Software Development Kit (SDK)

When subscribing to the Cebule Tier, you can access the API via the Python SDK which can be regarded as a simple and user-friendly overlay to make use of well-defined functions to interact with the Cebule engine.

First we present how the API has been structured and then move on to present the collection of functions and argument possibilities of the SDK,

Application Programming Interface (API)

The API can be utiilized to search for molecules and includes the following internal features of the search method through the database holding more than 200.000.000 molecules:

  • Molecules ranking based on the identifiers (e.g. SMILES, formula).
  • Definition of how many molecules should be returned with an exact number.
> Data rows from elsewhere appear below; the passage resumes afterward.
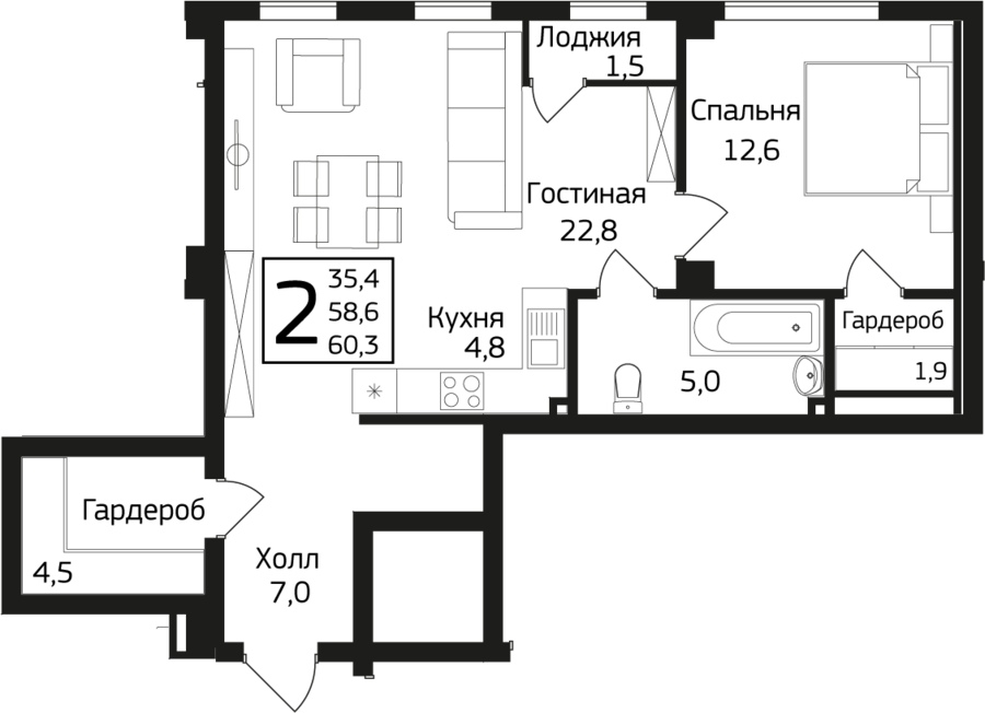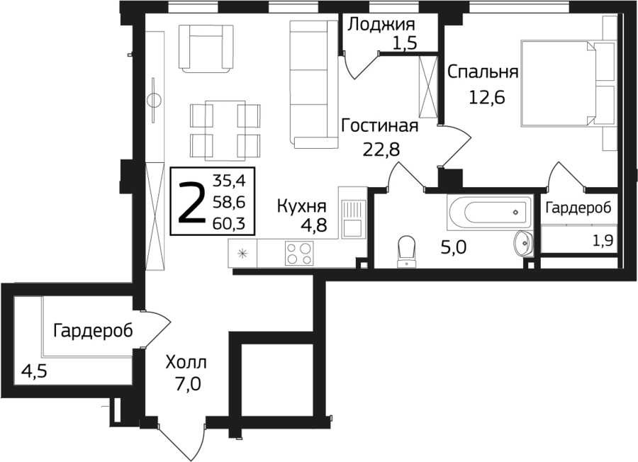 59.9 м²
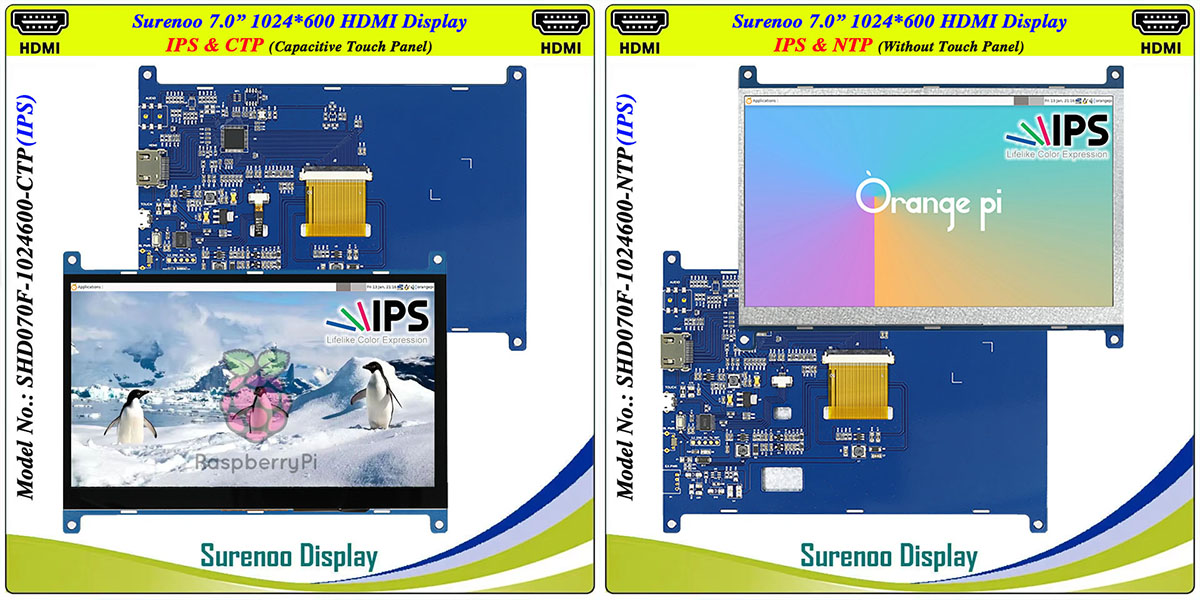 Home / Surenoo HDMI Display 7.0" inch 1024*600 IPS LCD Display Module Screen Monitor with USB Capacitive Touch Panel CTP for Windows Win11 RaspBerry Pi 4B/5
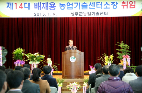 성주군농업기술센터에서는 학습조직체 및 직원 등 100여명이 참석한 가운데 1월 9일(수) 센터 대강당에서 제14대 소장에 배재용 전 농촌지도과장께서 취임했다.
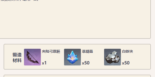 央陆弓原胚x1、萃凝晶x50、白铁块x50。
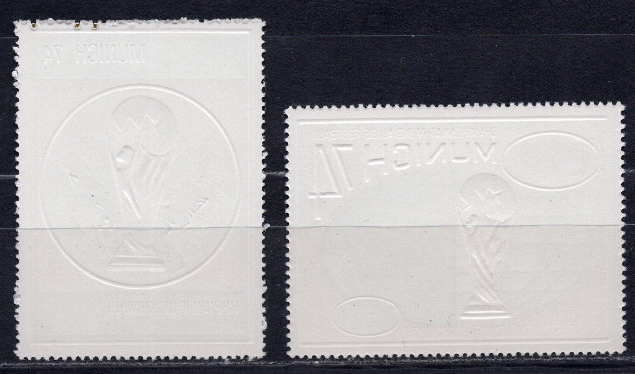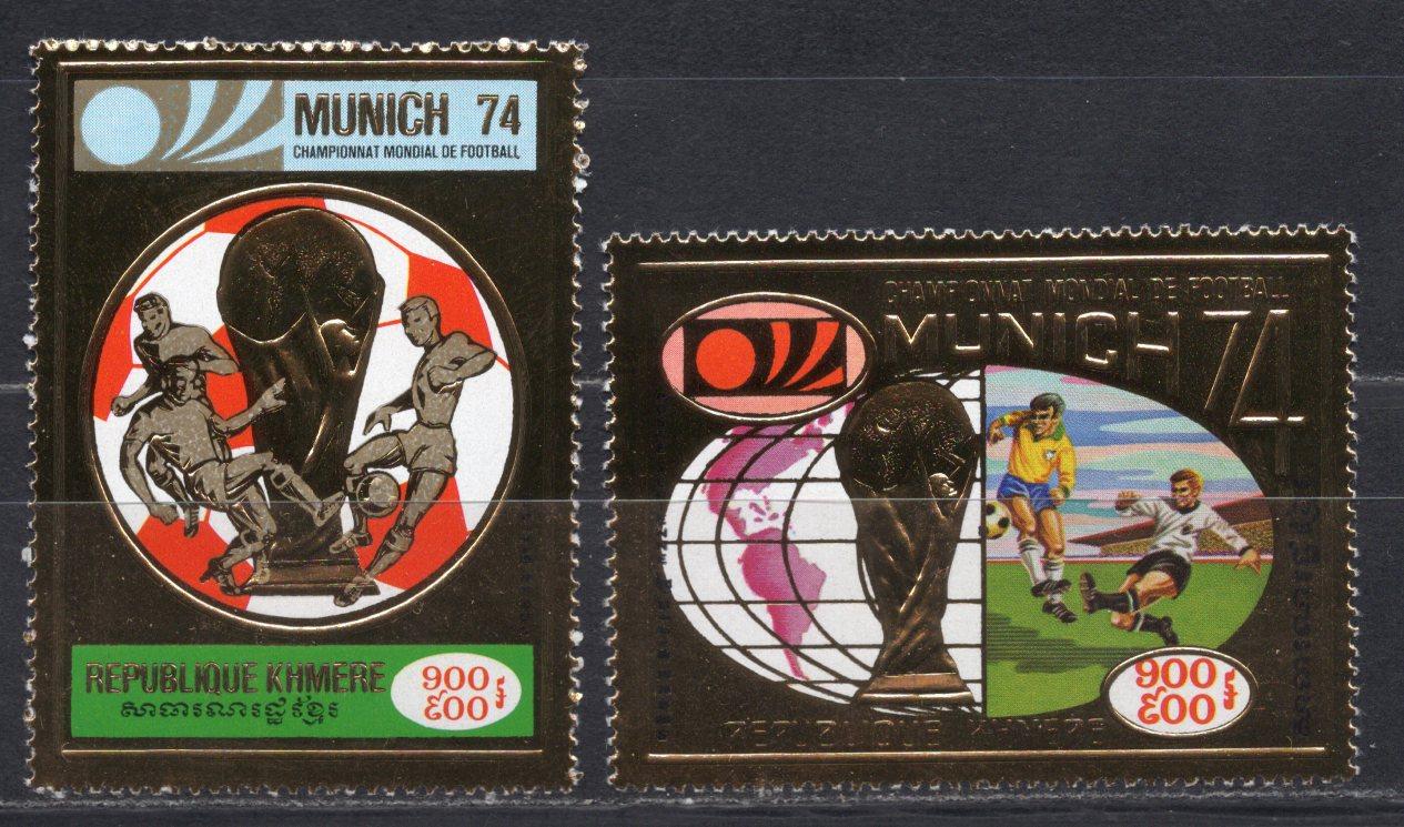 Почтовые марки. Камбоджа, 1973 г. №384-385А. Чемпионат мира по футболу, ФРГ. Фольга. Золото. (Mi 100,00 €)
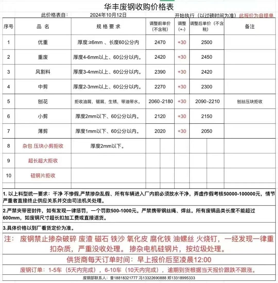 **日忠信华丰钢铁废钢涨**:优重****,重废****,风割料****,中剪****,刨花****-****,小剪****,薄剪****。自提,不含税,注禁止携带密封等危险品
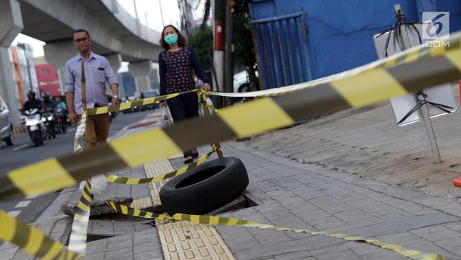 Pengendara melintas di dekat penutup trotoar yang rusak di kawasan Jalan RS Fatmawati, Jakarta, Selasa (14/5/2019). Dua buah penutup trotoar di Jalan RS Fatmawati rusak parah, kondisi ini mengganggu kenyamanan dan membahayakan pejalan kaki, terutama pada malam hari. (Liputan6.com/Helmi Fithriansyah)

This improvement refers to the GET /search endpoint.
  • The query parameters for the GET /search endpoint are:
q

- the keyword to search for (required)

start

- offset of the first result to return (default: 0)

limit

- number of results to return (default: 50)

cursor

- value of nextCursorMark from the previous response

You can find the current documentation of the MQS API also under the respective tab within the Dashboard:

Figure 1: Documentation page of the API within the Dashboard.

Software Development Kit (SDK)

The SDK allows you to work in a more simplified way to integrate the MQS tool stack with your own coding projects or software in comparison to the bare bone MQS REST-API interface.

The Python SDK provides currently an additional layer for working with the API by improving the ease of use of the API with tailored functions.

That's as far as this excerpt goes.